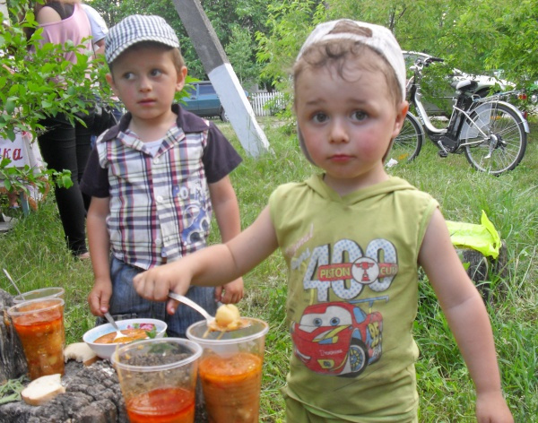Смакував борщ усім присутнім, надто – дітям. До того ж куховарочки склали ще й одну велику канапку, також традиційну українську – з салом. А знана господиня із села Байбузівки Фаїна Нігрей поділилася своїми секретами приготування нашої національної страви. Головне, потрібно готувати борщ з душею, а споживати – з молитвою. На це звернув увагу протоієрей Владислав – настоятель місцевого храму в честь Іоанна Богослова, і перед вживанням освятив страву.
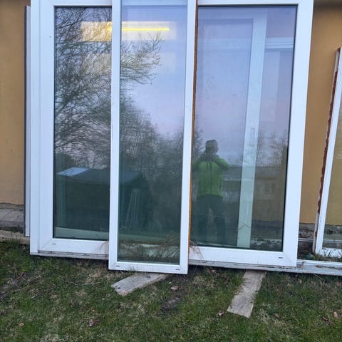 Glidskenor (~300 cm) ingår i paketet. Använd skick and funkar felfritt. Bra för uterum/balkong.
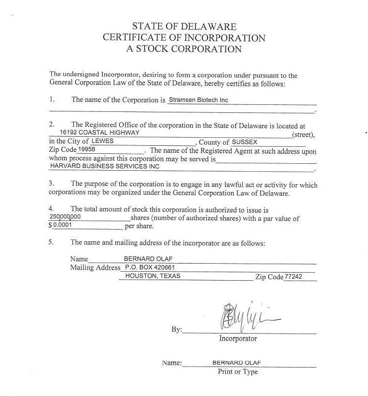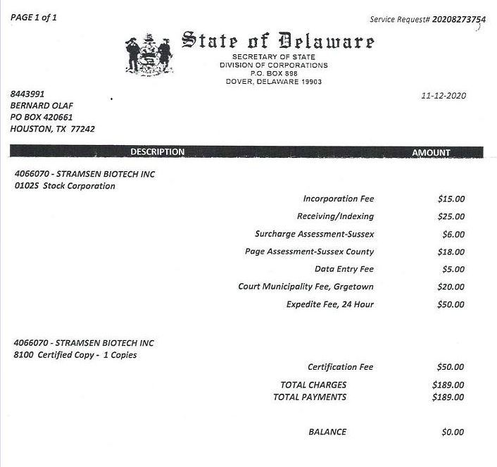We were founded on November 6th, 2020, as a Delaware corporation under the name Stramsen Biotech, Inc. Our principal executive offices are located at 5718 Westheimer Road Suite # 1000, 10th Floor, Houston, Texas 77057 and our telephone numbers are (713) 260-2622 - Toll free (800) 485-2110.
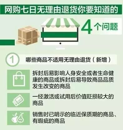 黄健英律师说,哪些商品可以七日无理由退货,哪些不行?商家与消费者争论不休。《办法》进行了规范,明确不用于七日无理由退货商品的范围,包括消费者定作的商品;鲜活易腐的商品;在线下载或者消费者拆封的音像制品、计算机软件等数字化商品等七类商品。
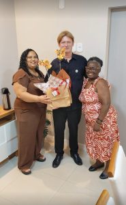 A subsede da UPPE-Sindicato completou, no mês de fevereiro, um ano de atuação no município de Itaperuna. Na ocasião, o prof. Dr. Stelling foi homenageado pela diretora da unidade, professora Jussara de Jesus, e a colaboradora Elane Fernandes. O gesto respresenta a gratidão dos filiados da região, pela instalação da subsede no município.

□ □ □

Beginning with the line holding "Glidskenor (~300 cm)" in the material above, restate word for word each line through the line holding "黄健英律师说,哪些商品可以七", and exclude pictures.

 Glidskenor (~300 cm) ingår i paketet. Använd skick and funkar felfritt. Bra för uterum/balkong.
We were founded on November 6th, 2020, as a Delaware corporation under the name Stramsen Biotech, Inc. Our principal executive offices are located at 5718 Westheimer Road Suite # 1000, 10th Floor, Houston, Texas 77057 and our telephone numbers are (713) 260-2622 - Toll free (800) 485-2110.
 黄健英律师说,哪些商品可以七日无理由退货,哪些不行?商家与消费者争论不休。《办法》进行了规范,明确不用于七日无理由退货商品的范围,包括消费者定作的商品;鲜活易腐的商品;在线下载或者消费者拆封的音像制品、计算机软件等数字化商品等七类商品。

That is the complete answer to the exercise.